The couple didn't expect to need the money they had invested — it was for retirement and the child's college education.

However, now, Wire pointed out: "The wife's basically out of a job. They cut her to 20% of her pay indefinitely," and the couple realized they were "100% responsible for the life of this other being."

There were plenty of reasons behind the couple's sudden fear, she said.

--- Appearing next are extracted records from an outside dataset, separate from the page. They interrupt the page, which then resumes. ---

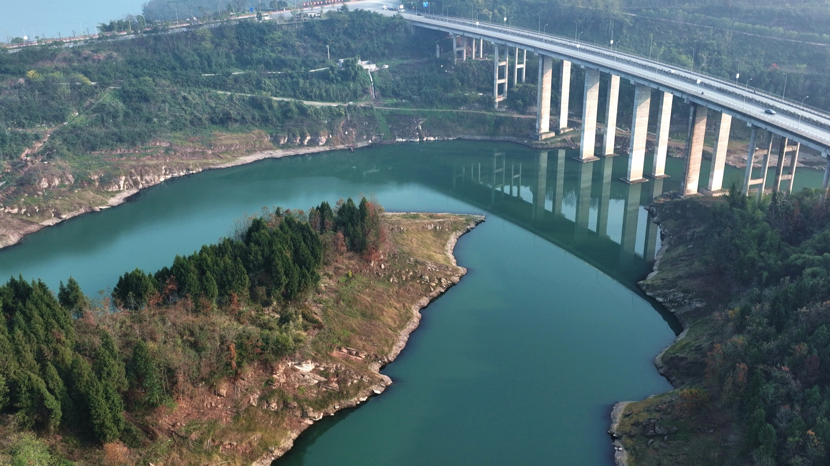 曹溪河位于忠县城郊的九蟒社区境内,是长江忠县段的一条支流,沿途河岔交错、绵延曲折。冬季,随着三峡水库蓄水,河道变宽,河面水平如镜。两岸树木色彩斑斓,流域内桥岛相连,好一幅绝美的山水画卷。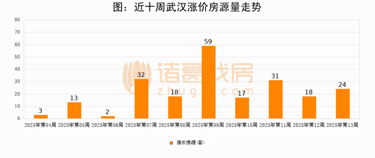 从调价房源来看,第13周武汉涨价房源24套,较上周上涨33.3%。与此同时,13周涨价房源占比提升0.62个百分点,业主信心持续恢复。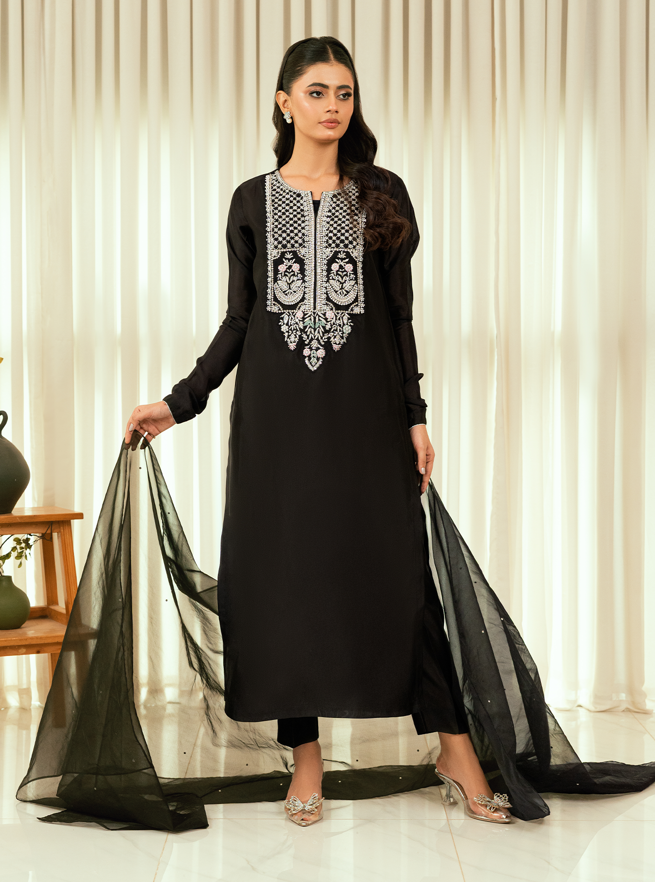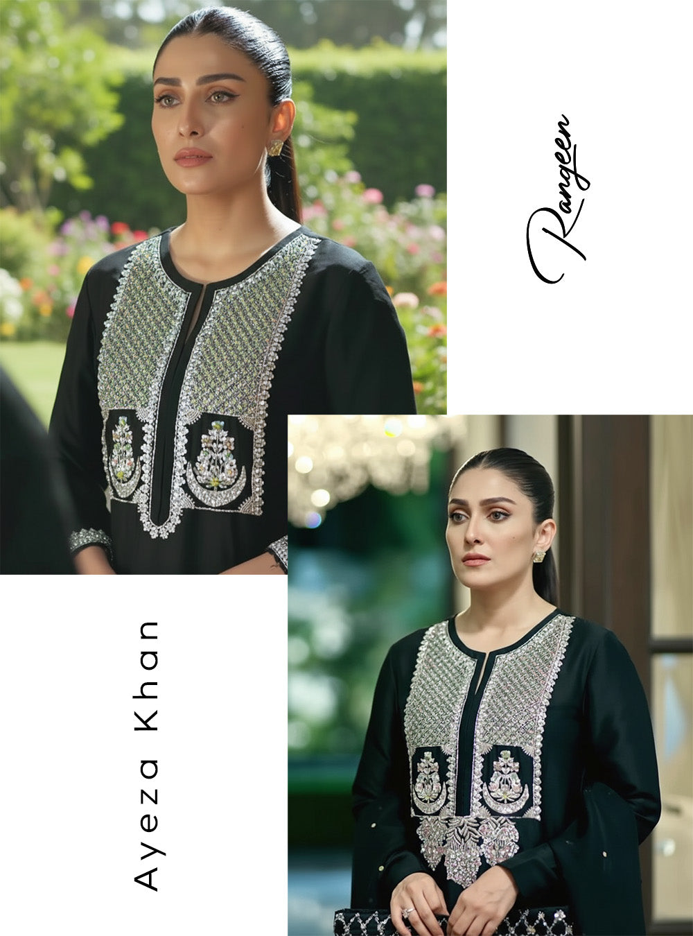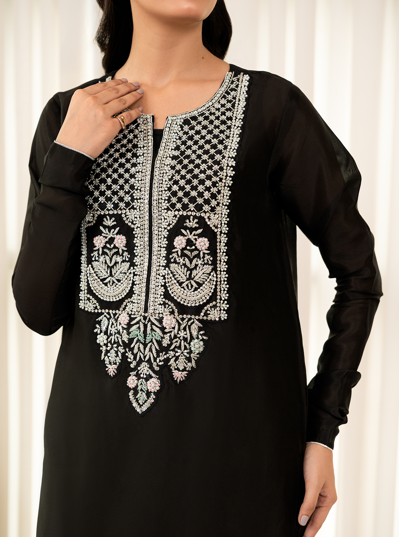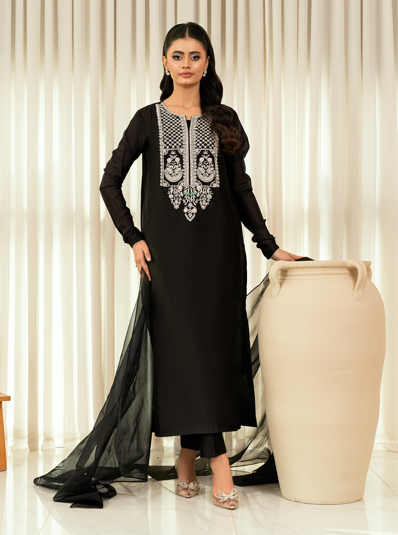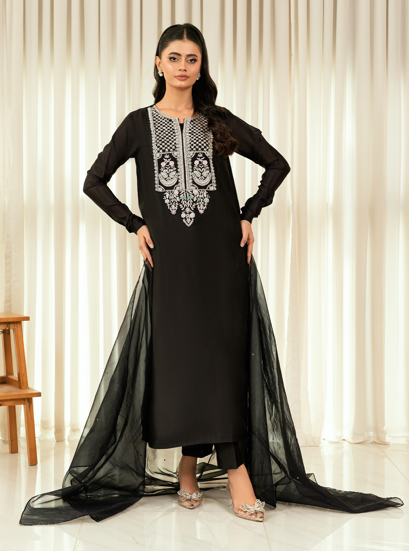 Turn every celebration into a statement. This 3 piece beautiful dress is meticulously hand-embellished with an intricate jaal featuring naqshi, mukesh, and pipe-bead work that glimmers beautifully under festive lights. Finished with a tailored trouser and a sheer organza dupatta, it’s an elegant choice for mehndi, dholki, and grand shaadi events.

"Between the sleep deprivation of a newborn, the responsibility, the wife getting furloughed, the husband not getting a bonus check, the market tank[ing] and then he was afraid his parents might need some money because of what's happening in the economy … They sent me an email one Friday and were like, 'OK. We want to cash out our account by Monday' or something crazy like that," the advisor explained

She wound up talking them through the situation in late March, she recalled, adding: "It was their first experience in the market ever really outside of their 401(k)s … I was able to talk them out of selling anything" while the market was down.

"They had a small amount of fixed income in their portfolio, so we just agreed that I would send them that," Wire said. She sent them some money from their bond fund, which went up when the market went down, and convinced them that would give them "a little bit of security."

She said she would check back with them in a couple of weeks. "It's helped that the market has started to recover a little bit [and] they're kind of feeling more comfortable," she said, adding the parents also didn't need the money after all.

At the end of the day, Wire said she "wanted to make sure they didn't do anything that they would regret later, just out of fear and emotion — and I think we're, knock on wood, past that point."

She also wanted them to not regret making the investments they made and "understand there's not a bad time to be invested…. For them it's all long-term money." And she accomplished those goals.

The Panicked Pre-Retiree

One more example was a client in his mid-60s who "completely panicked, right at the very beginning" of the pandemic, "before the shutdown even happened," Wire remembered.

He had been telling the firm he planned to retire. And then one Monday morning, he told them that he went online and cashed out a 401(k) her firm did not manage over the weekend.

Wire had him come to the office and "I sat with him in the office for like an hour talking him down," she said, noting he was a federal government retiree but then kept working as a contractor for about the past 10 years.

The "good news" is that the 401(k) he cashed out wasn't a huge part of his portfolio because he didn't stay with any one contractor job for more than a year or two after retiring from his longtime, full-time government job with a full pension, she noted.

"We did convince him when he came in on Monday not to touch any of his [investments] with us," Wire said.

He wanted to pull out everything from his IRA with her firm, but he didn't move anything after talking with her, and he has been fine since then, the advisor added.

That client is still working even though he doesn't need the money to stay afloat, she noted, and he is planning to fully retire this summer.